Substitute 290 K for $T_0$, $3.129\text{kJ}/\text{kg}\cdot \text{K}$ for $s_3^{\circ }$, $2.69407\text{kJ}/\text{kg}\cdot \text{K}$ for $s_4^{\circ }$, $0.287\text{kJ}/\text{kg}\cdot \text{K}$ for R, and $\frac{1}{7}$ for $\frac{P_4}{P_3}$ in Equation (XII).

$\begin{array}{c}{x}_{\text{destroyed,34}}=\left(290\text{K}\right)\left[\left(2.69407-3.129\right)\text{kJ}/\text{kg}\cdot \text{K}-\left(0.287\text{kJ}/\text{kg}\cdot \text{K}\right)\ln \left(\frac{1}{7}\right)\right]\\ =35.83\text{kJ}/\text{kg}\end{array}$

Thus, the exergy destruction associated with process 3-4 of the given Brayton cycle is $35.83\text{kJ}/\text{kg}$.

Substitute 290 K for $T_0$, $2.60815\text{kJ}/\text{kg}\cdot \text{K}$ for $s_5^{\circ }$, $2.69407\text{kJ}/\text{kg}\cdot \text{K}$ for $s_4^{\circ }$, $2.42763\text{kJ}/\text{kg}\cdot \text{K}$ for $s_2^{\circ }$, and $2.52861\text{kJ}/\text{kg}\cdot \text{K}$ for $s_6^{\circ }$ in Equation (XIII).

$\begin{array}{c}{x}_{\text{destroyed,regen}}=\left(290\text{K}\right)\left[\begin{array}{l}\left(2.60815-2.42763\right)\text{kJ}/\text{kg}\cdot \text{K}\\ +\left(2.52861-2.69407\right)\text{kJ}/\text{kg}\cdot \text{K}\end{array}\right]\\ =4.37\text{kJ}/\text{kg}\end{array}$

Thus, the exergy destruction associated with regeneration process of the given Brayton cycle is $4.37\text{kJ}/\text{kg}$.

Substitute 290 K for $T_0$, $3.129\text{kJ}/\text{kg}\cdot \text{K}$ for $s_3^{\circ }$, $2.60815\text{kJ}/\text{kg}\cdot \text{K}$ for $s_5^{\circ }$, $0.287\text{kJ}/\text{kg}\cdot \text{K}$ for R, 1500 K for $T_H$, and $480.82\text{kJ}/\text{kg}$ for $q_{\text{in}}$ in Equation (XIV).

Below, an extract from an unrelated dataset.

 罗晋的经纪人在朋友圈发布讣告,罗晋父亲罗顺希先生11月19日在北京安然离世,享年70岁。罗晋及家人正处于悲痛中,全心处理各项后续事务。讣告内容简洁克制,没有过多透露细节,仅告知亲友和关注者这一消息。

For the process 5-3, pressure remains constant, hence substitute 0 for $\ln \frac{P_3}{P_5}$.

$\begin{array}{c}{x}_{\text{destroyed,53}}=\left(290\text{K}\right)\left[\begin{array}{l}\left(3.129-2.60815\right)\text{kJ}/\text{kg}\cdot \text{K}\\ -\left(0.287\text{kJ}/\text{kg}\cdot \text{K}\right)\left(0\right)-\frac{480.82\text{kJ}/\text{kg}}{1500\text{K}}\end{array}\right]\\ =58.09\text{kJ}/\text{kg}\end{array}$

Thus, the exergy destruction associated with process 5-3 of the given Brayton cycle is $58.09\text{kJ}/\text{kg}$.

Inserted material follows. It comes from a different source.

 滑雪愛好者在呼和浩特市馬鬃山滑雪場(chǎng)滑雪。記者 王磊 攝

Substitute 290 K for $T_0$, $1.73498\text{kJ}/\text{kg}\cdot \text{K}$ for $s_1^{\circ }$, $2.52861\text{kJ}/\text{kg}\cdot \text{K}$ for $s_6^{\circ }$, $0.287\text{kJ}/\text{kg}\cdot \text{K}$ for R, 290 K for $T_L$, and $372.73\text{kJ}/\text{kg}$ for $q_{\text{out}}$ in Equation (XV). For the process 6-1, pressure remains constant, hence substitute 0 for $\ln \frac{P_1}{P_6}$.

$\begin{array}{c}{x}_{\text{destroyed,61}}=\left(290\text{K}\right)\left[\begin{array}{l}\left(1.73498-2.52861\right)\text{kJ}/\text{kg}\cdot \text{K}\\ -\left(0.287\text{kJ}/\text{kg}\cdot \text{K}\right)\left(0\right)+\frac{372.73\text{kJ}/\text{kg}}{290\text{K}}\end{array}\right]\\ =142.6\text{kJ}/\text{kg}\end{array}$

Thus, the exergy destruction associated with process 6-1 of the given Brayton cycle is $142.6\text{kJ}/\text{kg}$.

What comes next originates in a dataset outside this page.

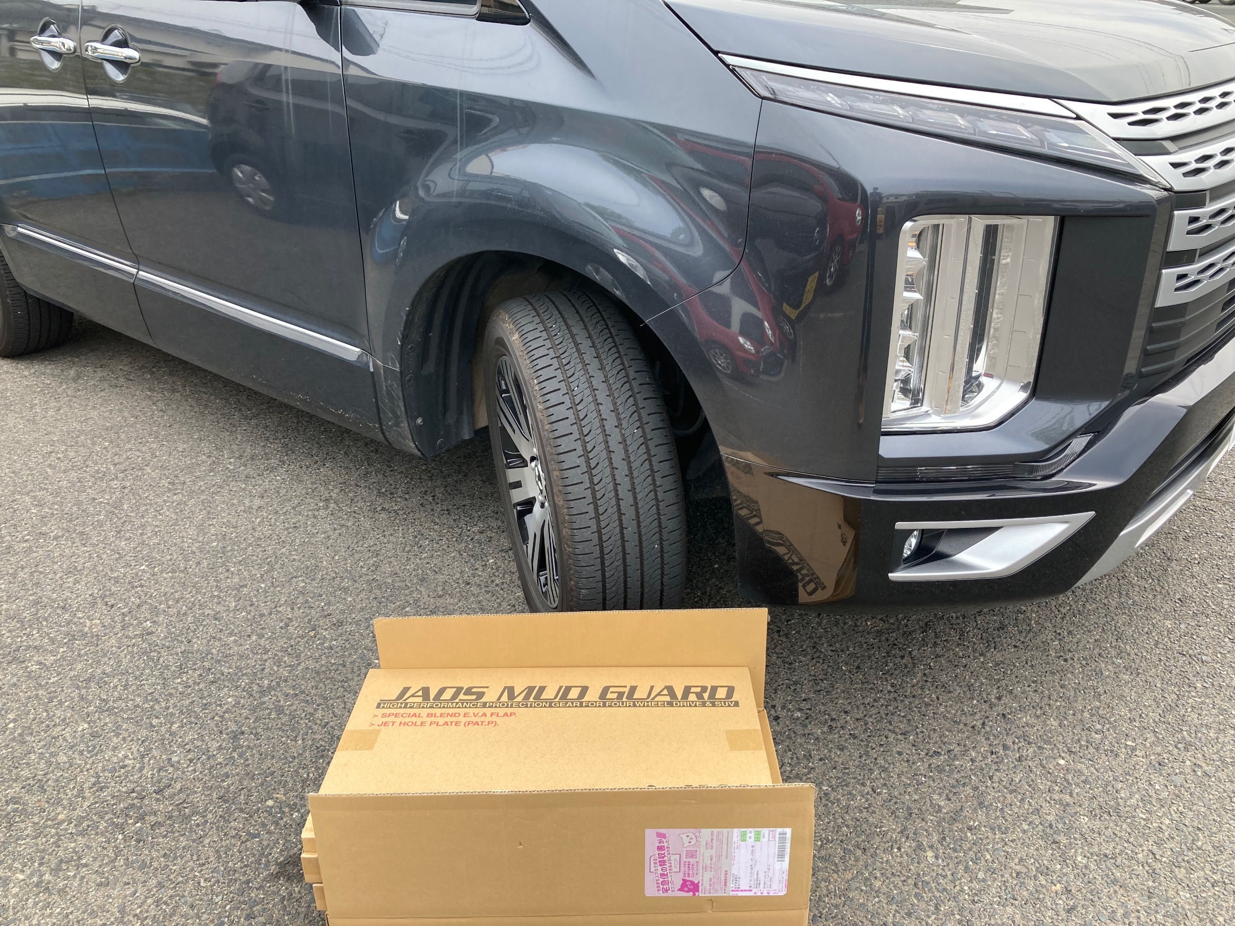 サイドの汚れ防止が目的ですが、デリカらしい?オフロードスタイルも魅力的ですね♬

Refer Table A-17, “Ideal gas properties of air”, obtain the properties of air at a temperature of $290\text{ K}$ $\left(T_0\right)$.

$\begin{array}{l}{h}_0=290.16\text{kJ}/\text{kg}\\ s_0^0=1.66802\text{kJ}/\text{kg}\cdot \text{K}\end{array}$

At the exit of the regenerator, pressure remains constant, $\left(P_6=P_1\right)$.

Substitute $P_6$ for $P_1$ , $2.52861\text{kJ}/\text{kg}\cdot \text{K}$ for $s_6^{\circ }$, and $1.66802\text{kJ}/\text{kg}\cdot \text{K}$ for $s_0^{\circ }$ in Equation (XVII).

$\begin{array}{c}{s}_6-s_0=\left(2.52861-1.66802\right)\text{kJ}/\text{kg}\cdot \text{K}-R\ln \frac{P_6}{P_6}\\ =\left(2.52861-1.66802\right)\text{kJ}/\text{kg}\cdot \text{K}-R\ln \left(1\right)\\ =0.86059\text{kJ}/\text{kg}\cdot \text{K}\end{array}$

Substitute $682.97\text{kJ}/\text{kg}$ for $h_6$, $290.16\text{kJ}/\text{kg}$ for $h_0$, 290 K for $T_0$, and $0.86059\text{kJ}/\text{kg}\cdot \text{K}$ for $\left(s_6-s_0\right)$ in Equation (XVI).

$\begin{array}{c}{\varphi }_6=\left(682.97-290.16\right)\text{kJ}/\text{kg}-\left(290\text{K}\right)\left(0.86059\text{kJ}/\text{kg}\cdot \text{K}\right)\\ =143.2\text{kJ}/\text{kg}\end{array}$

Thus, the exergy of the exhaust gases at the exit of the regenerator is $143.2\text{kJ}/\text{kg}$.